It prompted him to post a video to the MMTB's Facebook page urging people to isolate.
"I would like to request respectfully and with aroha that those of our whanau members make sure that we make everyone in our community safe. If you have tested positive or if you are a close contact, I would like to please request that you keep yourself isolated from your whanau and from the community until such time until you return a negative test," Ikin said on a video posted to MMTB's Facebook page yesterday.
Ikin told the Herald the community needed to pull together at this time, support each other and do everything they could to prevent the potential spread in the community and the devastating impact Covid could have.
He lives in Piopio and said there are two mass graves nearby that serve as a devastating reminder of the impact of the Spanish influenza on their communities.
"I'm not pushing this line because the Government happens to be pushing it, I'm pushing this line because the last time we had an epidemic in our communities, it devastated our communities."
They needed to learn from history and do everything they could to keep themselves safe.
"So isolation is key to that and the other big focus is working with the key agencies to ensure our families who are having to isolate are well supported."
There were a lot of large families living in small overcrowded houses and the trust board was in the process of identifying places locally where people could isolate if it wasn't suitable for them to do so at home.

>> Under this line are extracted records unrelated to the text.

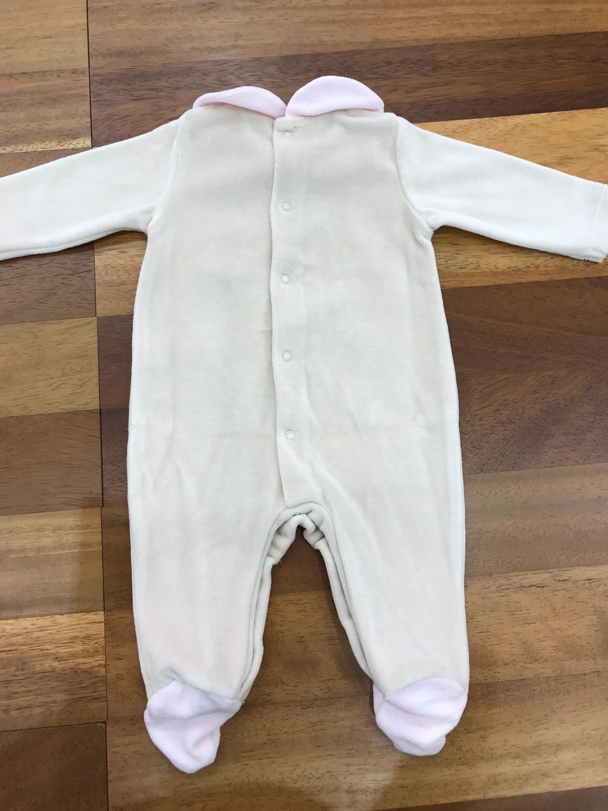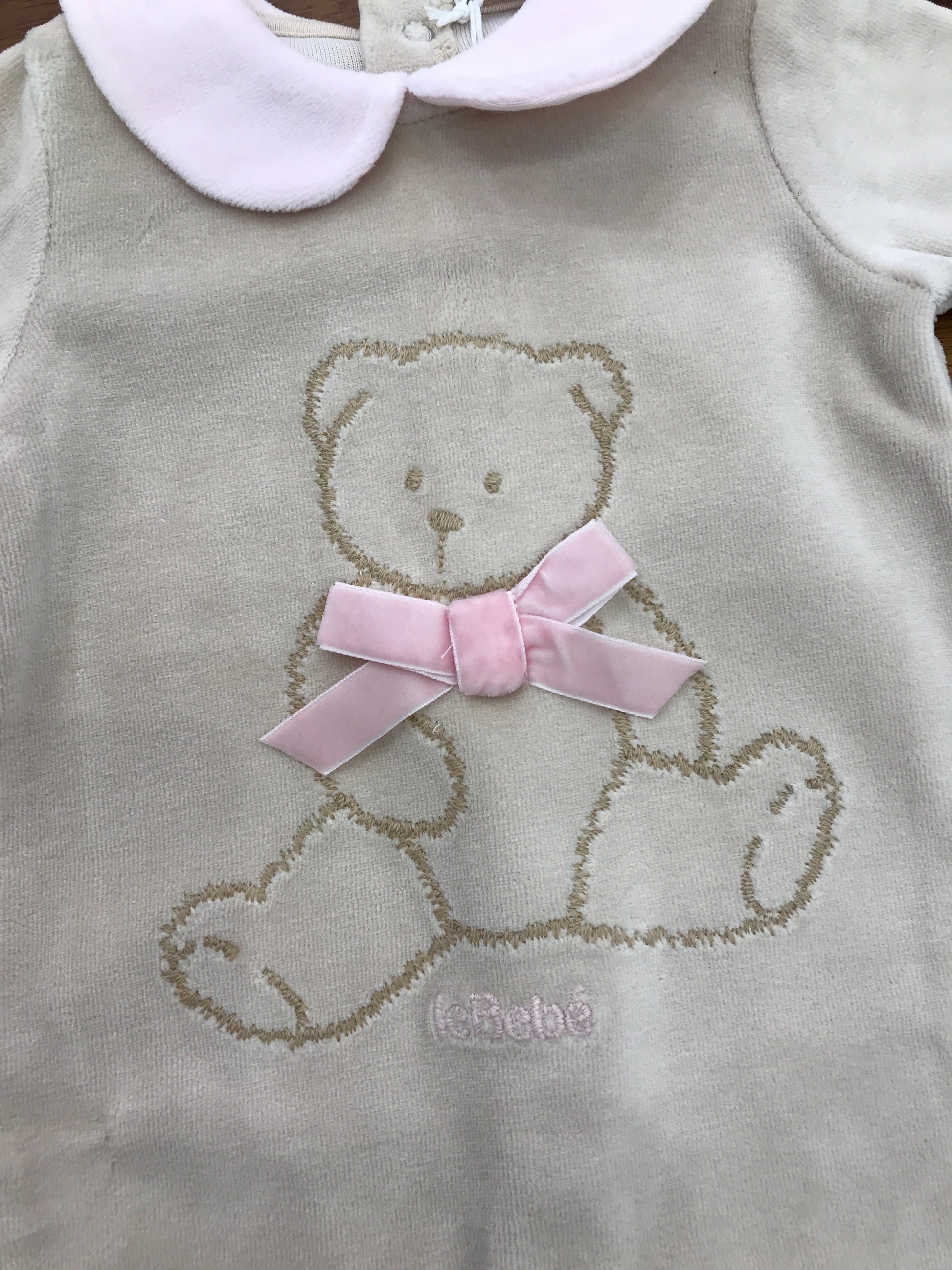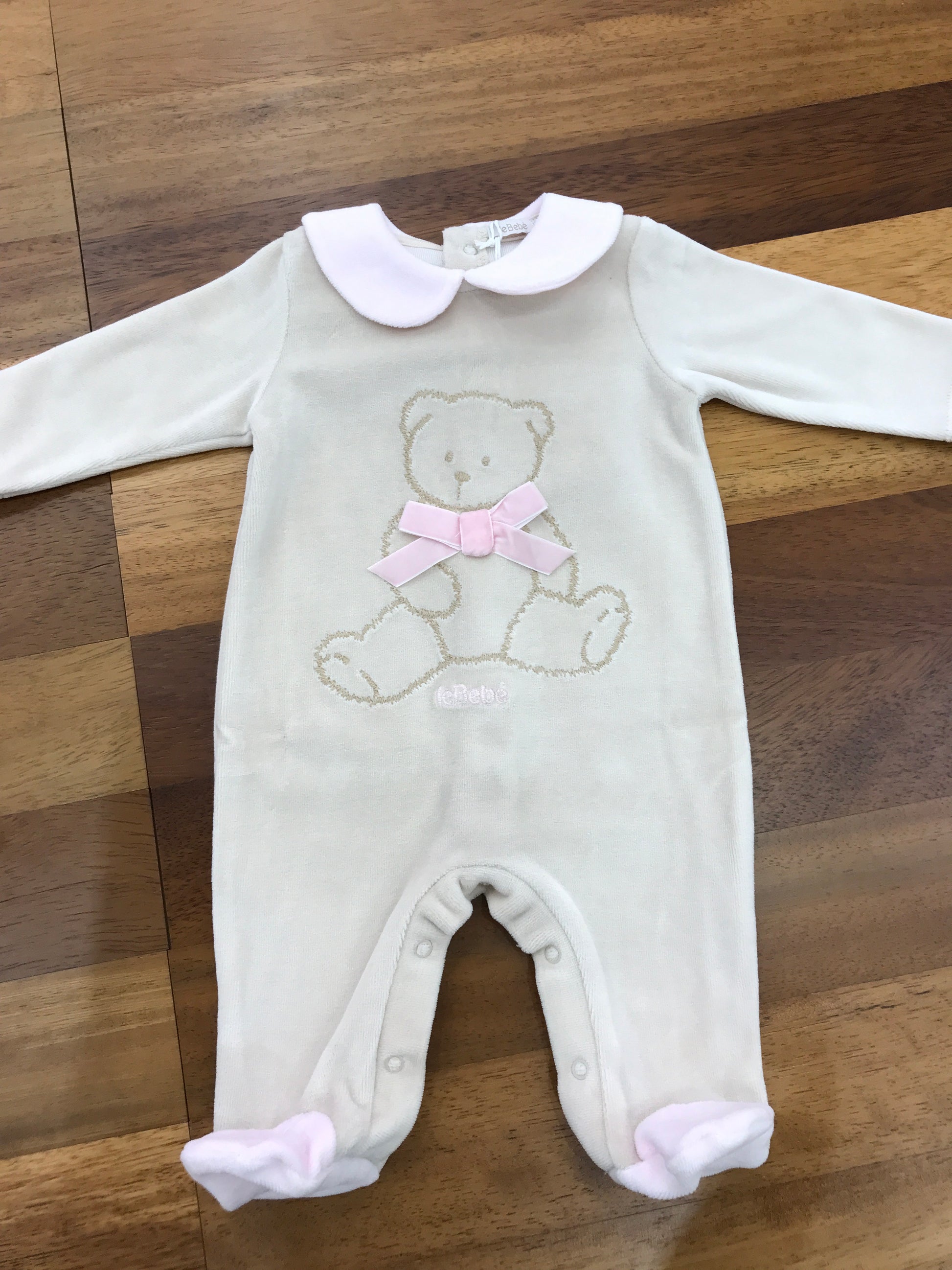 Questa tutina intera rosa, completa di piedini, è progettata per garantire comfort e stile ai più piccoli. Il colletto, anch’esso rosa, aggiunge un tocco di eleganza e si distingue per la presenza di un delicato orsetto ricamato, simbolo di dolcezza e cura nei dettagli. Al centro del colletto spicca un raffinato fiocchetto rosa, che completa il design con un elemento decorativo discreto ma raffinato, rendendo questa tutina ideale per ogni occasione speciale o per l’uso quotidiano con un tocco di classe.
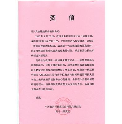中國航天科技集團第六研究院賀信-六合產(chǎn)品應(yīng)用于長征六號運載火箭
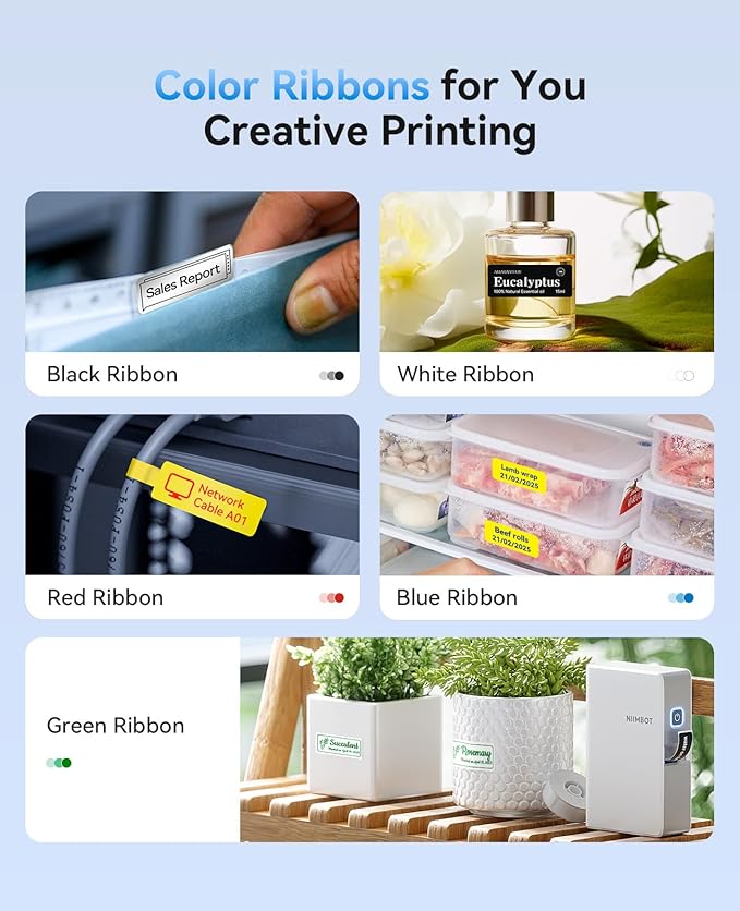 Support Printing with Color Ribbon: 5 colors of ribbon and more than 20 types of label paper you can choose, can be matched with the best printing results as you wish. It is great for price tags, personal item identification, food date marking, cable identification, and more. Make your home office more eye-catching and organized

"We are seeing that spread, it's happening right in front of us, right now. I am concerned because it's a tight-knit small community and even though a lot of our people live rurally things can move quite quickly within tight-knit communities."

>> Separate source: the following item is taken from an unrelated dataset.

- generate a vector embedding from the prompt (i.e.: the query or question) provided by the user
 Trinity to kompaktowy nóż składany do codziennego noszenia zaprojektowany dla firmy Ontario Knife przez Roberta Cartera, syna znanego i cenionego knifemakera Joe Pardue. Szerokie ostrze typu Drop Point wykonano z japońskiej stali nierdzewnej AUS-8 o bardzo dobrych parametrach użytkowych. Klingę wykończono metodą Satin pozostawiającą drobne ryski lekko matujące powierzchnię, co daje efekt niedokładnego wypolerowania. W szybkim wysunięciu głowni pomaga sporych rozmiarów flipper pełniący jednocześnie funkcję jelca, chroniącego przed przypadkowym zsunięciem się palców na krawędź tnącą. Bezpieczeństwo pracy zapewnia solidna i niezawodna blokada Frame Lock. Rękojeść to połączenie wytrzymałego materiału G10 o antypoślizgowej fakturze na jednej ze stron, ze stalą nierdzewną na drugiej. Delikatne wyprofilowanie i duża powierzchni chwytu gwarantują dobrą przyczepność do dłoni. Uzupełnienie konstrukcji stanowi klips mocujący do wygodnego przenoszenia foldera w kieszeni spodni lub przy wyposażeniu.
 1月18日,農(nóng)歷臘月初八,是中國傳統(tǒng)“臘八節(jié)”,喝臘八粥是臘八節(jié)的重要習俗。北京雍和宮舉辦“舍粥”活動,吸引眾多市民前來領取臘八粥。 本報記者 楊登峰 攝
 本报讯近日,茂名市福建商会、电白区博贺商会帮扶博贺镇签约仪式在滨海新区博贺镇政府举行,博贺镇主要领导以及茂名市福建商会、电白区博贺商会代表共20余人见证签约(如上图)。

Waitomo mayor John Robertson said yesterday that the messaging going into the community was "patchy" and local agencies including the council and the MMTB were working together to develop a local response plan to give clearer communication to the community around isolating should more surges happen in the district.
Robertson said Covid was showing no sign of abating and was instead spreading around the rural communities.
"It's a real struggle, all this, for us in a small community, a rural community. This is getting hard and we know when New Zealand opens up, the modelling suggests - again this is just verbal advice I get - that we will get surges."
His calculations showed the ratio of people getting Covid in Te Kuiti was three times higher than those in Auckland.
Te Kuiti High School. Piopio College and Piopio Primary School remain closed today due to a large number staff and students at the schools being identified as close or casual plus contacts.